Back to the Future or Nostalgia? Heart Failure and Right-Sided Pressures
I will preface this missive with some facts. Summer 2016 will be the 42-year anniversary of my medical school graduation. In the dark ages of my residency, echocardiography was a novelty and could not be ordered by residents unless we predicted a significant finding. In that “backward” environment, I got pretty good at evaluating jugular venous pressures. In fact, when my predictions went awry, my professors brought my misadventures to my attention less than diplomatically. Tachycardia in the resident, not the patient, was the consequence.
Now let’s review some staggering facts about heart failure, examination findings, and novel cardiac evaluation techniques. Worldwide, 26 million people are affected by heart failure.1 In the United States, 1 million people each year are admitted to a hospital with heart failure.1 How about estimating the dollars and cents of this critical heart equation? It has been predicted that costs for heart failure in the United States in 2030 will reach $70 billion!1
What can we do to make things better?
This month’s Top Paper takes what appears to be a promising approach.1 The CHAMPION (CardioMEMS Heart Sensor Allows Monitoring of Pressure to Improve Outcomes in NYHA Class III Heart Failure Patients) trial proposes a new category of monitoring for heart failure patients—a hemodynamic evaluation by a technologic innovation, an implanted pulmonary artery (PA) sensor. Having access to elevated PA pressure values can guide therapy and improve diuresis before patients require admission for worsening heart failure symptoms.
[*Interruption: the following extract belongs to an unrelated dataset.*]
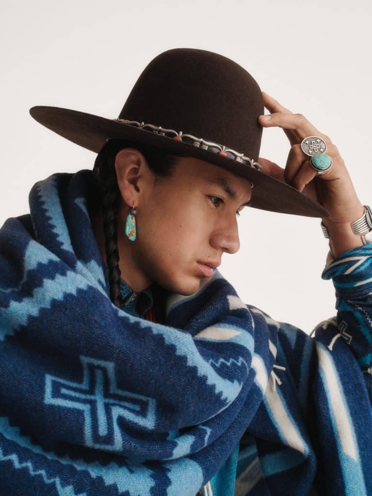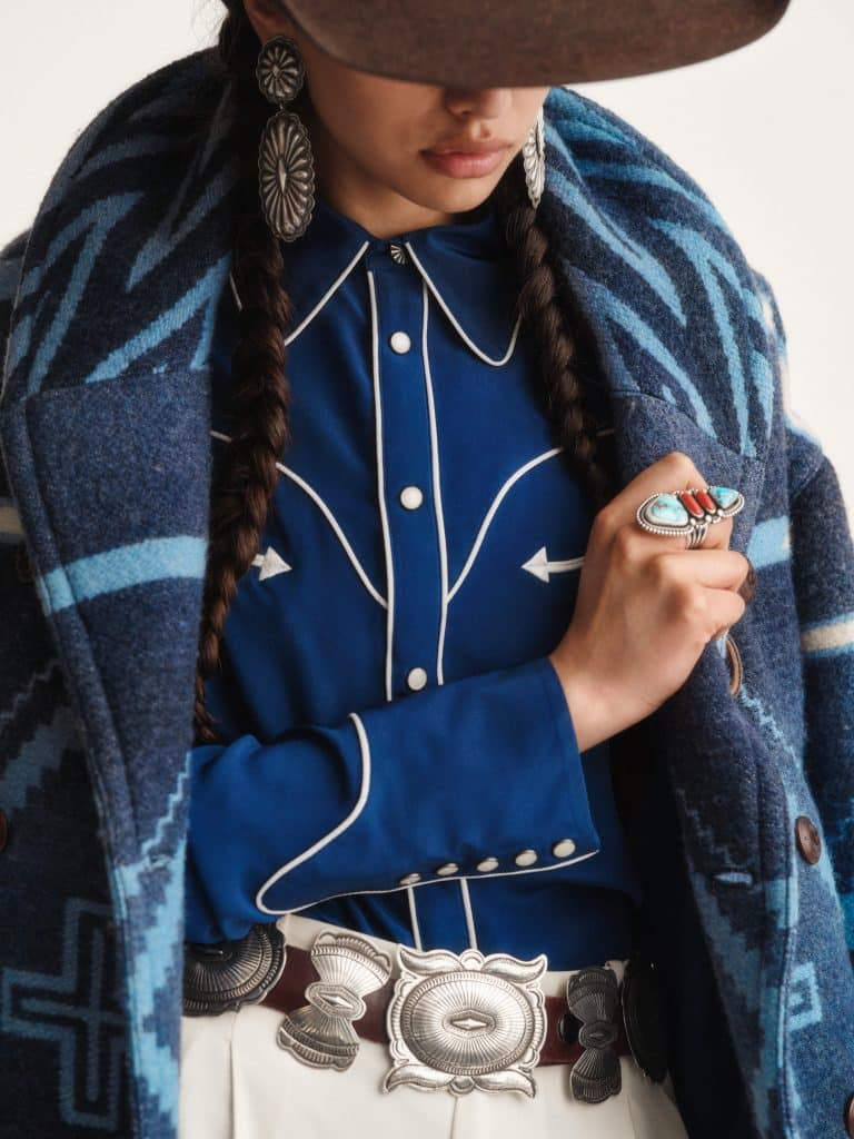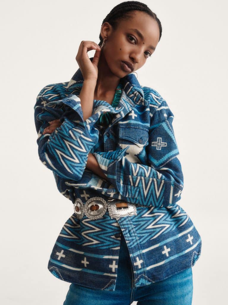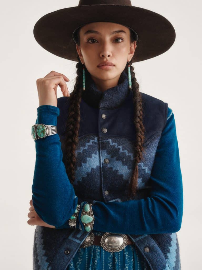 This assortment includes 27 men’s, women’s, and unisex apparel and accessories featuring traditional Navajo elements like four-directional crosses and wedge weave motifs. Standout pieces include a beautiful indigo-hued jacket inspired by Rodeo trophy jackets, a down vest with throughout suede yokes based on the typical dress of the men in Naiomi’s family, and a beautiful silk western shirt with contrast piping, pearlized snaps, and a concho button – a thoughtful nod to Naiomi’s family ranching heritage. Many pieces in the collection are crafted with a beautiful and rugged throughout suede – a nostalgic fabrication for Glasses, who grew up with a saddle with roughout suede trim.

In this study, the patients with heart failure cared for by physicians who were apprised of PA pressure readings required 33% less admissions than did the patients whose physicians who did not have access to the PA sensor values.
But what if the study design were revised to some degree? Would the 33% difference in admission rates be as striking if less-expensive monitoring had been provided, either with a careful jugular examination (by someone good at this technique) or even with a portable echocardiography device? I do not know what an implanted PA sensor costs, but it has to be more costly than an examination or a bedside echo. I am not implying that my examination skills are superior to a PA sensor or an echocardiogram, but in most practice situations, immediate access to technology of this sophistication is not likely.
A cardiologist friend who is as “aged” as I am says that his younger partners laugh at his careful estimation of PA pressure on examination. Relying on a good examination and using expensive technology are not mutually exclusive categories (I think it was Aristotle who came up with that logic). When a patient has elevated jugular pressure, and there is no access to a PA sensor or portable echo machine, increasing diuretic doses is probably a good idea. Since you and I will probably not have immediate access to PA sensors, we have to use what we have with us.
Gregory W. Rutecki, MD, is a physician at the National Consult Service at the Cleveland Clinic. He is also a member of the Consultant editorial board.
- Abraham WT, Stevenson LW, Bourge RC, Lindenfeld JA, Bauman JG, Adamson PB; CHAMPION Trial Study Group. Sustained efficacy of pulmonary artery pressure to guide adjustment of chronic heart failure therapy: complete follow-up results from the CHAMPION randomised trial. Lancet. 2016;387 (10017):453-461.